+++ DATA

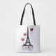 Bolsa Tote Paris, Torre Eiffel e Balões do Coração Vermelho
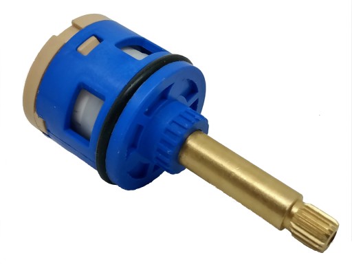 Głowica do baterii kabiny prysznicowej z hydromasażem - 3 funkcyjna o średnicy 33 mm. Cześć dolna głowicy wykonana jest z tworzywa sztucznego, mechanizm głowicy ( środek głowicy ) wykonany z ceramiki. Trzpień głowicy wykonany z mosiądzu.
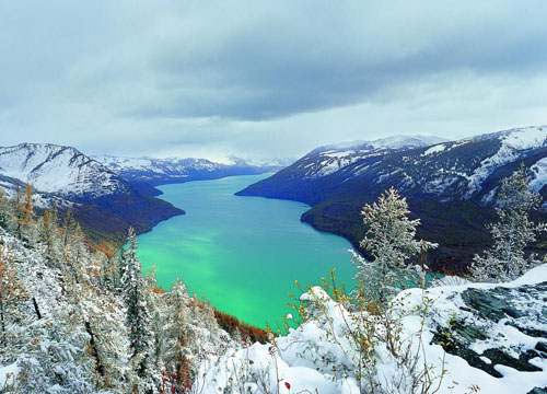 观鱼台是喀纳斯景区的制高点,登高望远,可以看到喀纳斯整体的雪景。喀纳斯湖畔,欣赏绝美的喀纳斯湖口晨雾,大雪过后会出现雪蘑菇的奇景,奇幻无比,令人不得不赞叹大自然的鬼斧神工。洁白的雪地上,一墩墩的雪蘑菇显得如此梦幻神奇,河岸边水汽冻结成冰凌,就像童话里的冰雪世界。晚住喀纳斯景区。
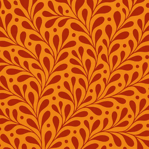 This pattern bursts with the warmth and rhythm of fall. Deep crimson leaves unfurl across a vivid orange backdrop, creating a rich tapestry of movement and natural elegance. The symmetrical, swirling motifs suggest fluttering foliage caught in a gentle autumn breeze. With its bold contrast and organic flow, this seamless design evokes feelings of coziness, seasonal change, and timeless beauty?perfect for textiles, gift wraps, or striking interior accents.
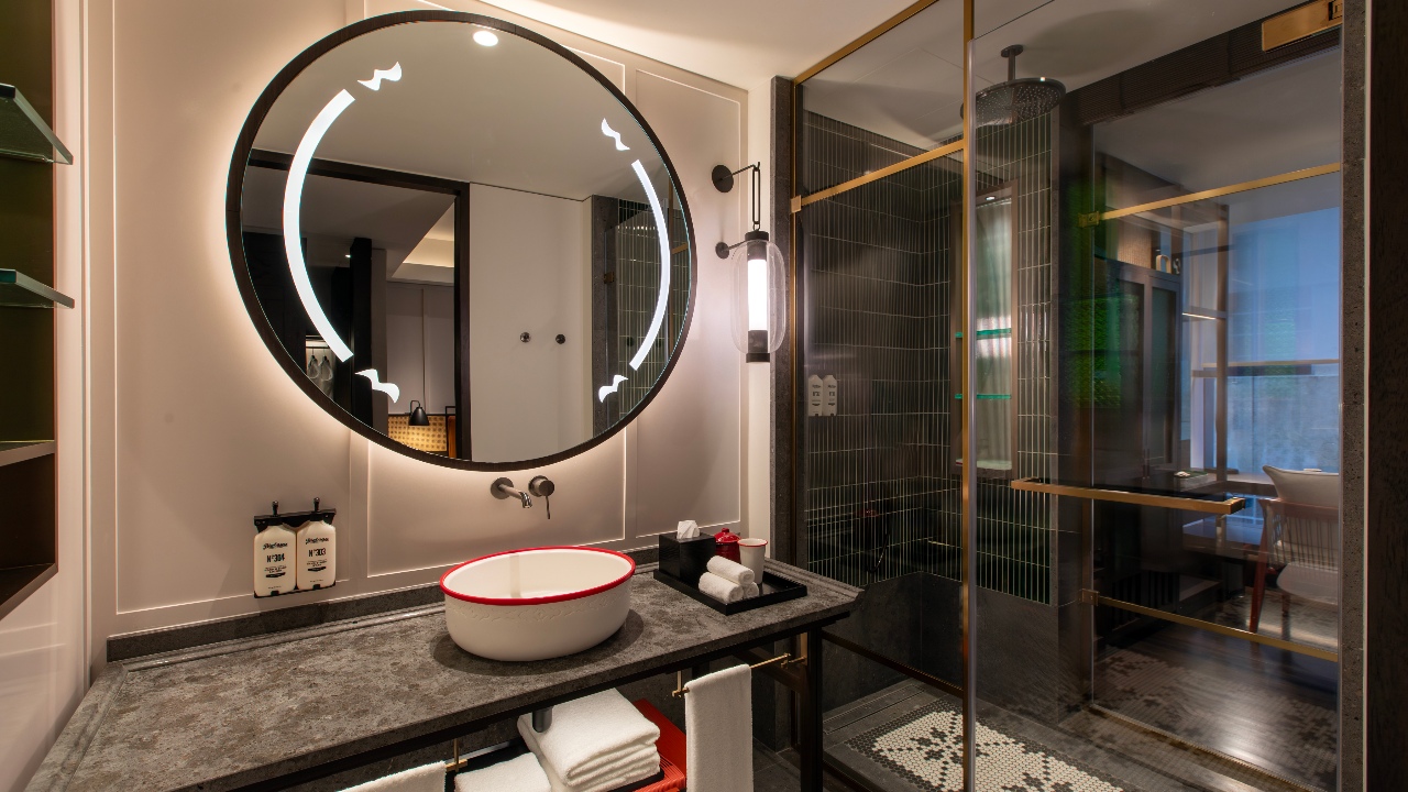 Sustainability is one of the core pillars in this newly opened hotel. Upon entering the lobby, guests will come across a living vertical garden, a central staircase crafted from repurposed old railway sleepers and reinforcement steel bars salvaged from the hotel’s construction site, as well as a large-scale installation made entirely from recycled plastic bottles. Feature lights are made from upcycled bottles, artworks are crafted using old books, and reception desks are assembled from rescued tree roots found in Malaysia. Every corner permeates local character and Malaysian traits—from tiffin carriers and Hup Seng cracker tins to rattan furniture motifs in the guest rooms, ornate hand-painted Peranakan tiles, and pages from nostalgic Chinese calendars adorning the interior of wardrobes. The hotel distils authenticity into intimate spaces that pay homage to the history and traditions of its location, encouraging guests to explore the multifaceted aspects of Kuala Lumpur. “We only provide amenities upon request to cut down on waste and only offer water in glass to minimise our impact on the environment,” Garside says.

++++++

The expected output is an exact copy of the lines from the top of the data above through the line containing "Głowica do baterii", both included, with every picture omitted.

 Bolsa Tote Paris, Torre Eiffel e Balões do Coração Vermelho
 Głowica do baterii kabiny prysznicowej z hydromasażem - 3 funkcyjna o średnicy 33 mm. Cześć dolna głowicy wykonana jest z tworzywa sztucznego, mechanizm głowicy ( środek głowicy ) wykonany z ceramiki. Trzpień głowicy wykonany z mosiądzu.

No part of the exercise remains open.